Thanks for your comment Imam, I understood that you are taking Goldman Sachs’ argument regarding good faith here because they bought the shares through IDX. It is easy and I could relate to it. The aim of this blog is to inform about how complex this global transaction is and hope that readers could be engaged in reflecting on the effect of this “game” to people who aren’t transacting in the stock market.
I agree with the importance of functioning registration system, however I still cannot see the connection of this case with public auction. That’s another issue I think, as most people buy their homes through real-estate developers.

Imam Nasima
Posted by Imam Nasima on November 30, 2017 at 10:27

The writer has an interesting angle to discuss the case, but unfortunately I cannot see any further legal analysis.

It is in essence a simple legal case, not a complex one. The question is, indeed, who owns the shares and whether the holder can be deemed as a good faith purchaser. However, it seems that - one may need to read the decision first, but according to the verdict that has widely been spread in the media - the plaintiff has made use of a tort action and the claim was granted by the court. The result is awkward: the defendant has to give back the shares and it also has to pay compensation (for the shares that are given back?).

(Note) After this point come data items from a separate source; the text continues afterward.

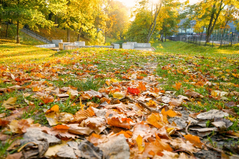 Вид на осенний парк с опавшими желтыми листьями
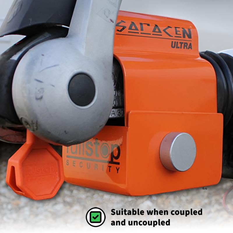 Saracen Ultra är ett högsäkerhetslås för husvagns-/släpvagnskopplingar.
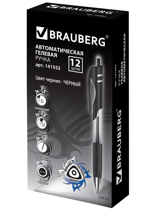 Ручка гелевая автоматическая с грипом BRAUBERG ЧЕРНАЯ (141552)
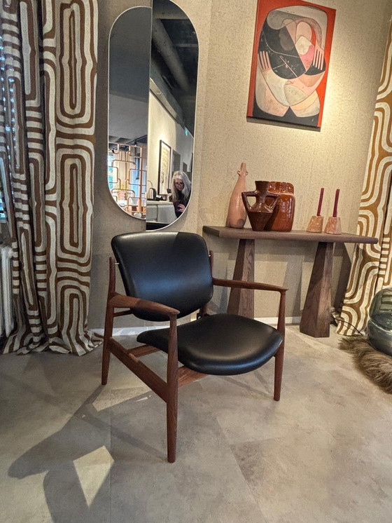 La sedia France di House of Finn Juhl, nota anche come FJ 136, è stata progettata alla fine degli anni '50 per il mercato americano. Una splendida poltrona che diventerà il punto focale del vostro soggiorno. Il design vintage è sorprendentemente contemporaneo. La struttura in legno è in noce e il rivestimento è in pelle nera, cucita a mano. Una sedia davvero splendida, splendidamente realizzata e incredibilmente comoda. Ne rimarrete entusiasti.
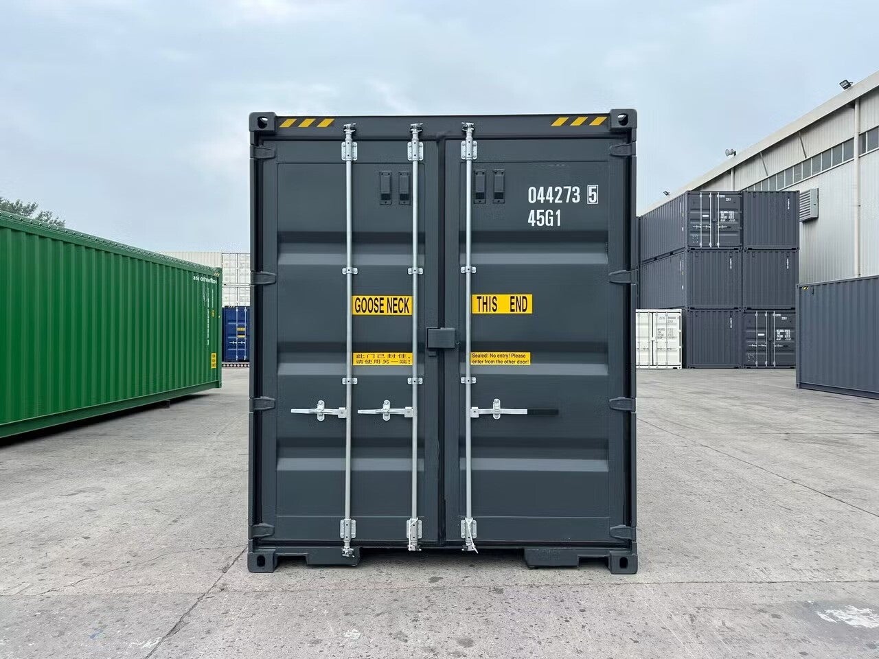 Este contentor 40 pés High Cube com portas em ambas as extremidades é uma solução premium para armazenamento, transporte ou conversão modular. O acesso duplo facilita carregamento rápido e exploração eficiente do espaço, ideal para oficinas, armazéns ou logística.

Hence, I wonder what kind of reasoning the court made for such a decision. And from a legal point of view, this is certainly an important issue, as the Indonesian Supreme Court has recently restated a quite strong (almost absolute) protection to a good faith land purchaser at the public auction (see: http://www.cilc.nl/cms/wp-content/uploads/2016/05/Penjelasan-Hukum-Pembeli-Beritikad-Baik-Hukum-Perdata.pdf). It is not certain yet whether this rule will also be applicable for the purchaser of shares, but I cannot think the difference. In fact, it involves the same problems, as one will deal with the (dys)function of a registration system in such cases.